- [Task to complete]
Write out the data word for word, taking care that no picture is carried over.
════════════════
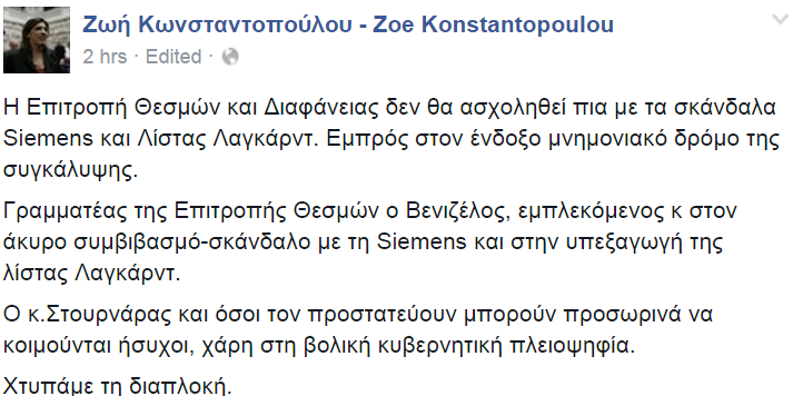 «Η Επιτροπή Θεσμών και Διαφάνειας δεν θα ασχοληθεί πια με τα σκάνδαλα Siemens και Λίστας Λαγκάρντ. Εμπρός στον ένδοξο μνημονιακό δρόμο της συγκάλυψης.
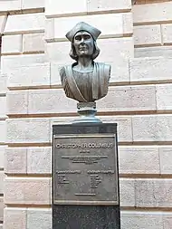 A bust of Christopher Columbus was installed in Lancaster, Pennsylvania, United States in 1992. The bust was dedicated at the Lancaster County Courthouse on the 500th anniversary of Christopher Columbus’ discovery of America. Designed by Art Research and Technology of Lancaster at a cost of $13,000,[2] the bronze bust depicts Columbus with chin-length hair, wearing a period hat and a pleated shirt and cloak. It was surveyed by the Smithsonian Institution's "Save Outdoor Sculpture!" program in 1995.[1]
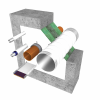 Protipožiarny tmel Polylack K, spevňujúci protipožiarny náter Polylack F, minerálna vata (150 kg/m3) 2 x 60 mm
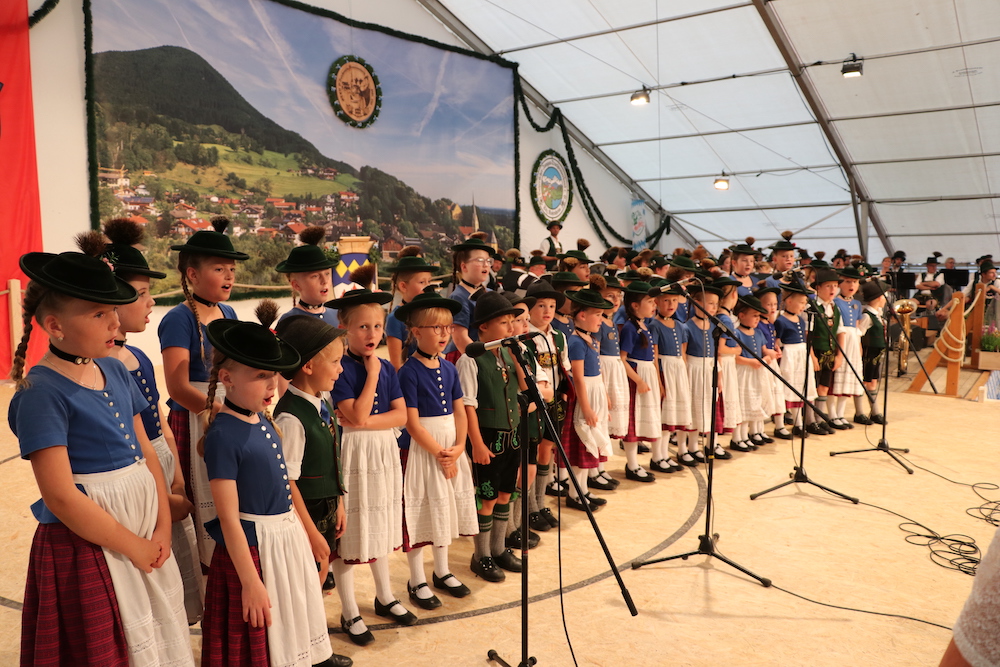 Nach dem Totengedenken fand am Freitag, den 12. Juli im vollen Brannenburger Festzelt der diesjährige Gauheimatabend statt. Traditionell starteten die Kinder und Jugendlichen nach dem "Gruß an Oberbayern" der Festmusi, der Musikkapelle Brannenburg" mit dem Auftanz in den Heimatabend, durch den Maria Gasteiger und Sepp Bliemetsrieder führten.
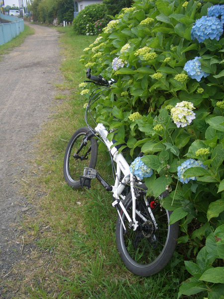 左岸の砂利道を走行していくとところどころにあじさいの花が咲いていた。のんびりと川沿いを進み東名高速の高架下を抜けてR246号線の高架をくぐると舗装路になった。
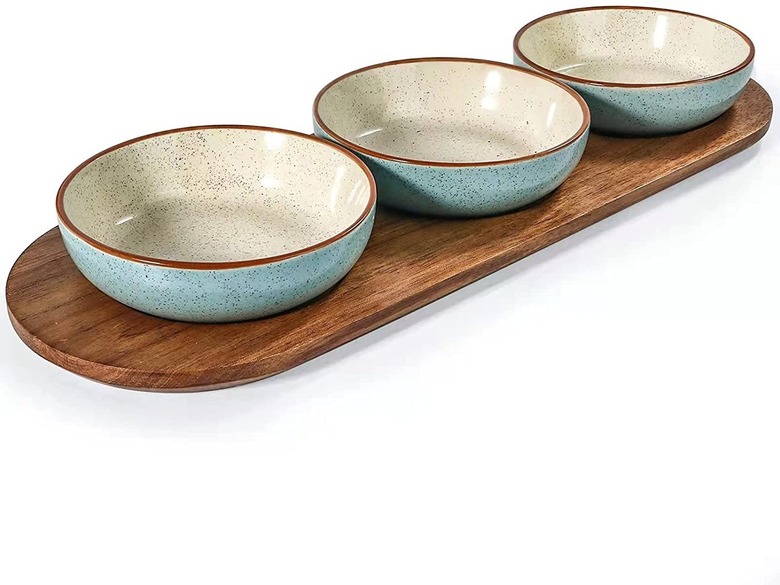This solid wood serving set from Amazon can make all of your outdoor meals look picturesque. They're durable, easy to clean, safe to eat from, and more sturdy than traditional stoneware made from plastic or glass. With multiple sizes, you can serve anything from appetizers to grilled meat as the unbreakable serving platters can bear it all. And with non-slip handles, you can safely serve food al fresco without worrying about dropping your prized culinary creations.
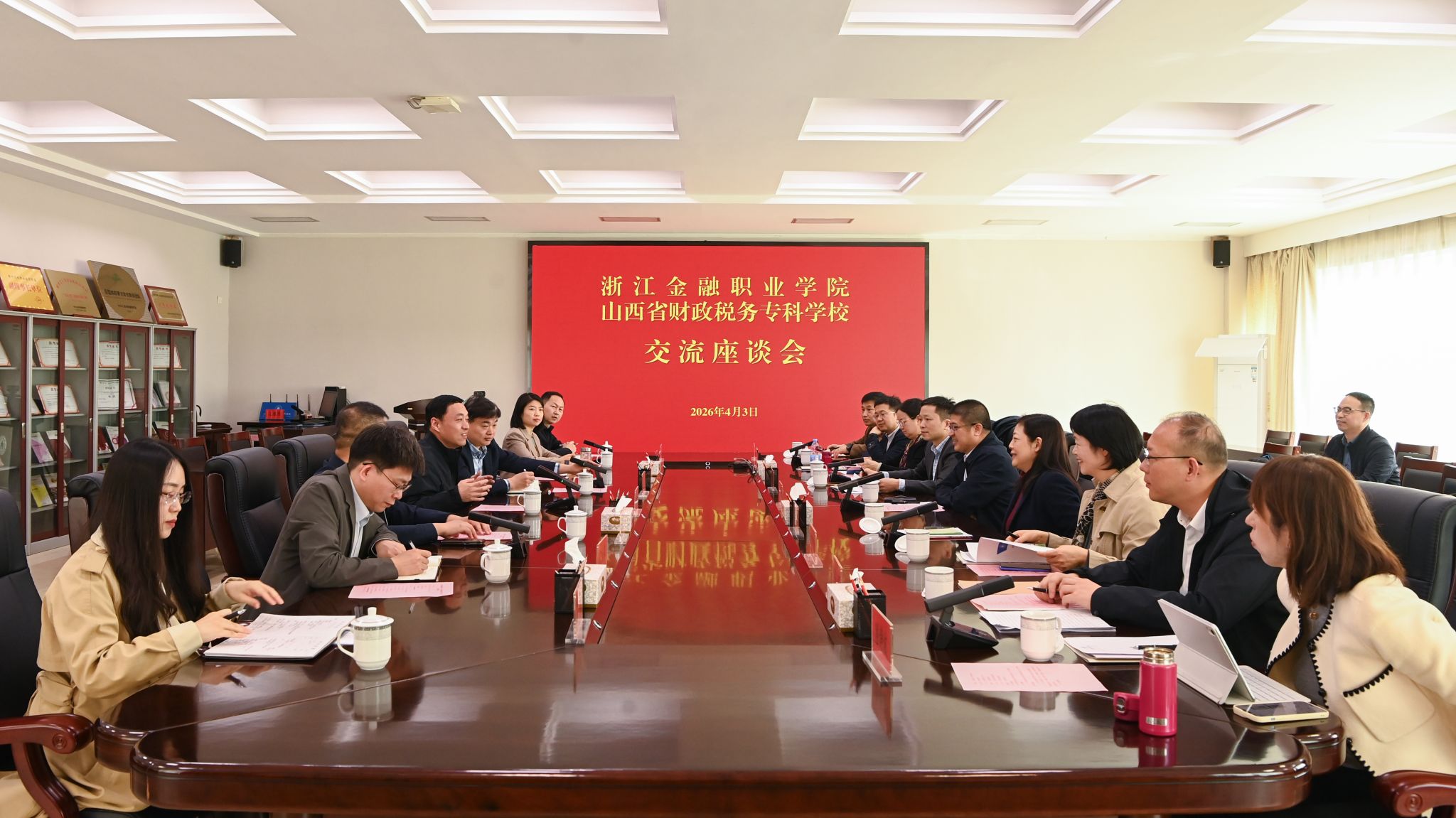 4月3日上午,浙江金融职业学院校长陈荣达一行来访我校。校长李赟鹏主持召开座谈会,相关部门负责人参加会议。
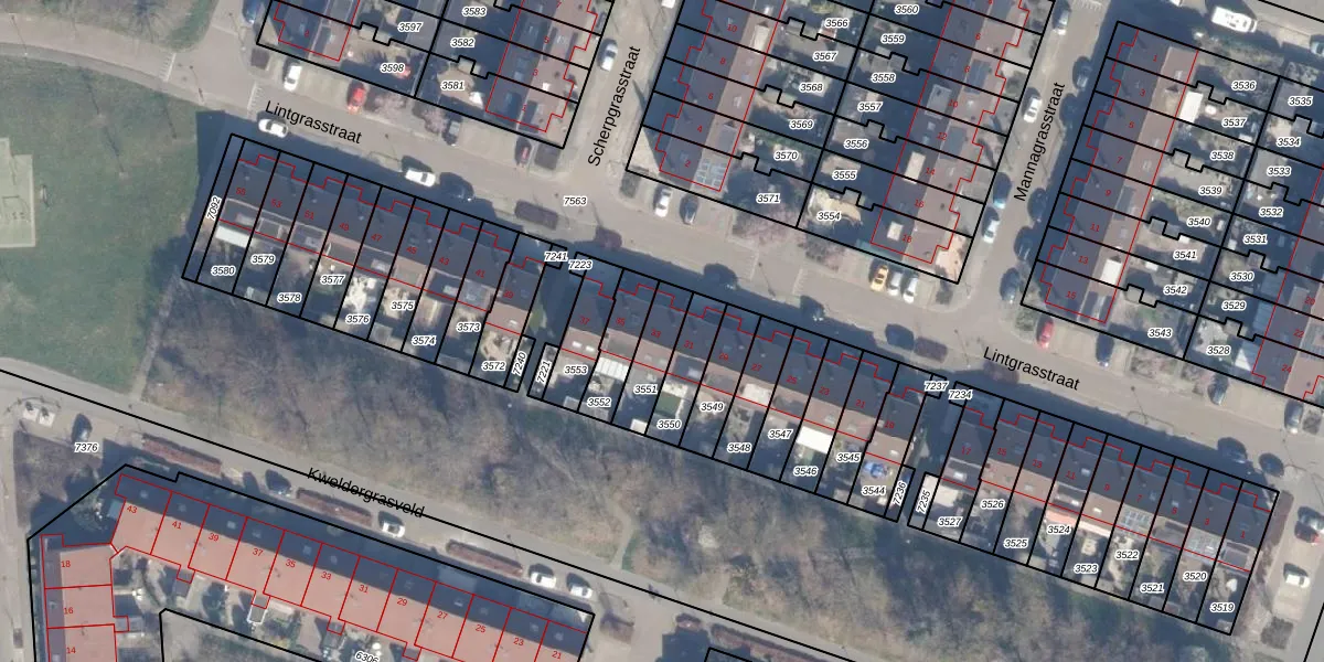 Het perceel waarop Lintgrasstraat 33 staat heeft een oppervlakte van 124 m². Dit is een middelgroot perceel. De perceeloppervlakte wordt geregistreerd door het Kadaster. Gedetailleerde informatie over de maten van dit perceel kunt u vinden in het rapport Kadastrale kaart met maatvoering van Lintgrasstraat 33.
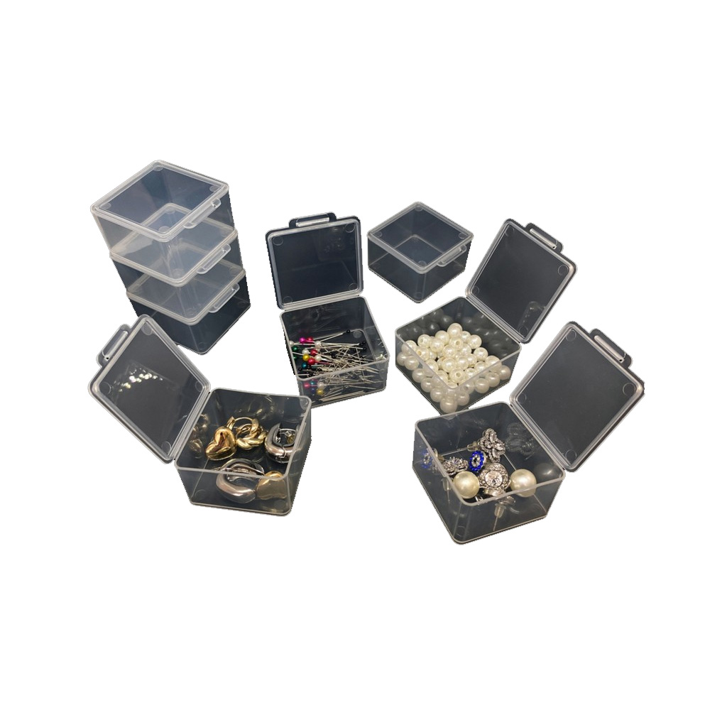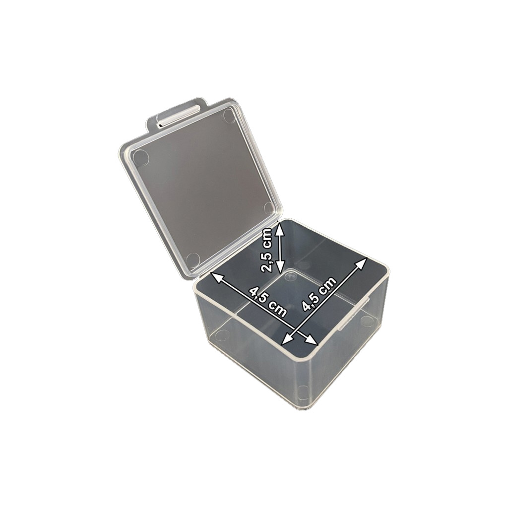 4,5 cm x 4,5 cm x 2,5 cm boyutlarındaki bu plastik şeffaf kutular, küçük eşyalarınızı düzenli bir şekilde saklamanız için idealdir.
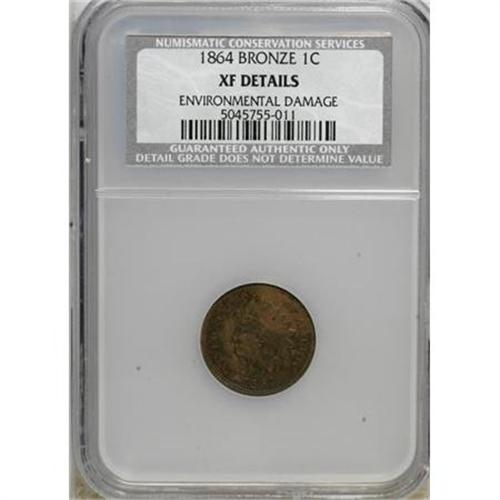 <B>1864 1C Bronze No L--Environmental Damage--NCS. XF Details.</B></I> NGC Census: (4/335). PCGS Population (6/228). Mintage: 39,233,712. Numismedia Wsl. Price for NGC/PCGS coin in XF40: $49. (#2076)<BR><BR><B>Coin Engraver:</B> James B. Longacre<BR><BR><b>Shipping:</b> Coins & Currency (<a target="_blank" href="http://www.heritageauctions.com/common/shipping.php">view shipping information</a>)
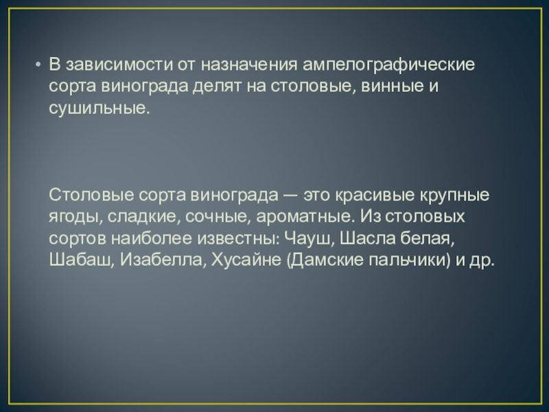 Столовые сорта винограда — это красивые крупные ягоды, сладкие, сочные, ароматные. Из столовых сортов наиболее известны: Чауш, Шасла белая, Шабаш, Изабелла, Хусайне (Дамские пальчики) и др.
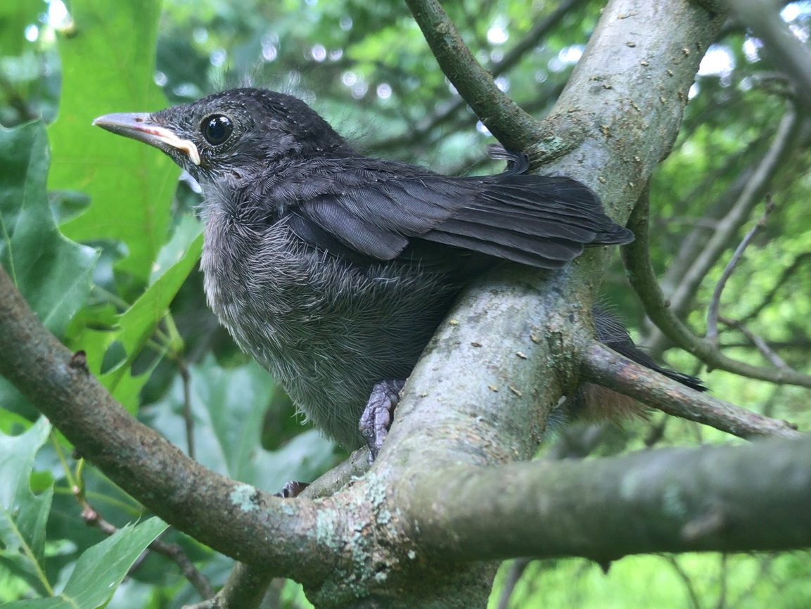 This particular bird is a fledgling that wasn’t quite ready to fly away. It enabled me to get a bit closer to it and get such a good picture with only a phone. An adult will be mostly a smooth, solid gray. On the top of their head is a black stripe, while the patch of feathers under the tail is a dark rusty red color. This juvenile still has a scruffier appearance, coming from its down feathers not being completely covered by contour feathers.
════════════════
- [Exercise output]
 «Η Επιτροπή Θεσμών και Διαφάνειας δεν θα ασχοληθεί πια με τα σκάνδαλα Siemens και Λίστας Λαγκάρντ. Εμπρός στον ένδοξο μνημονιακό δρόμο της συγκάλυψης.
 A bust of Christopher Columbus was installed in Lancaster, Pennsylvania, United States in 1992. The bust was dedicated at the Lancaster County Courthouse on the 500th anniversary of Christopher Columbus’ discovery of America. Designed by Art Research and Technology of Lancaster at a cost of $13,000,[2] the bronze bust depicts Columbus with chin-length hair, wearing a period hat and a pleated shirt and cloak. It was surveyed by the Smithsonian Institution's "Save Outdoor Sculpture!" program in 1995.[1]
 Protipožiarny tmel Polylack K, spevňujúci protipožiarny náter Polylack F, minerálna vata (150 kg/m3) 2 x 60 mm
 Nach dem Totengedenken fand am Freitag, den 12. Juli im vollen Brannenburger Festzelt der diesjährige Gauheimatabend statt. Traditionell starteten die Kinder und Jugendlichen nach dem "Gruß an Oberbayern" der Festmusi, der Musikkapelle Brannenburg" mit dem Auftanz in den Heimatabend, durch den Maria Gasteiger und Sepp Bliemetsrieder führten.
 左岸の砂利道を走行していくとところどころにあじさいの花が咲いていた。のんびりと川沿いを進み東名高速の高架下を抜けてR246号線の高架をくぐると舗装路になった。
This solid wood serving set from Amazon can make all of your outdoor meals look picturesque. They're durable, easy to clean, safe to eat from, and more sturdy than traditional stoneware made from plastic or glass. With multiple sizes, you can serve anything from appetizers to grilled meat as the unbreakable serving platters can bear it all. And with non-slip handles, you can safely serve food al fresco without worrying about dropping your prized culinary creations.
 4月3日上午,浙江金融职业学院校长陈荣达一行来访我校。校长李赟鹏主持召开座谈会,相关部门负责人参加会议。
 Het perceel waarop Lintgrasstraat 33 staat heeft een oppervlakte van 124 m². Dit is een middelgroot perceel. De perceeloppervlakte wordt geregistreerd door het Kadaster. Gedetailleerde informatie over de maten van dit perceel kunt u vinden in het rapport Kadastrale kaart met maatvoering van Lintgrasstraat 33.
 4,5 cm x 4,5 cm x 2,5 cm boyutlarındaki bu plastik şeffaf kutular, küçük eşyalarınızı düzenli bir şekilde saklamanız için idealdir.
 <B>1864 1C Bronze No L--Environmental Damage--NCS. XF Details.</B></I> NGC Census: (4/335). PCGS Population (6/228). Mintage: 39,233,712. Numismedia Wsl. Price for NGC/PCGS coin in XF40: $49. (#2076)<BR><BR><B>Coin Engraver:</B> James B. Longacre<BR><BR><b>Shipping:</b> Coins & Currency (<a target="_blank" href="http://www.heritageauctions.com/common/shipping.php">view shipping information</a>)
 Столовые сорта винограда — это красивые крупные ягоды, сладкие, сочные, ароматные. Из столовых сортов наиболее известны: Чауш, Шасла белая, Шабаш, Изабелла, Хусайне (Дамские пальчики) и др.
 This particular bird is a fledgling that wasn’t quite ready to fly away. It enabled me to get a bit closer to it and get such a good picture with only a phone. An adult will be mostly a smooth, solid gray. On the top of their head is a black stripe, while the patch of feathers under the tail is a dark rusty red color. This juvenile still has a scruffier appearance, coming from its down feathers not being completely covered by contour feathers.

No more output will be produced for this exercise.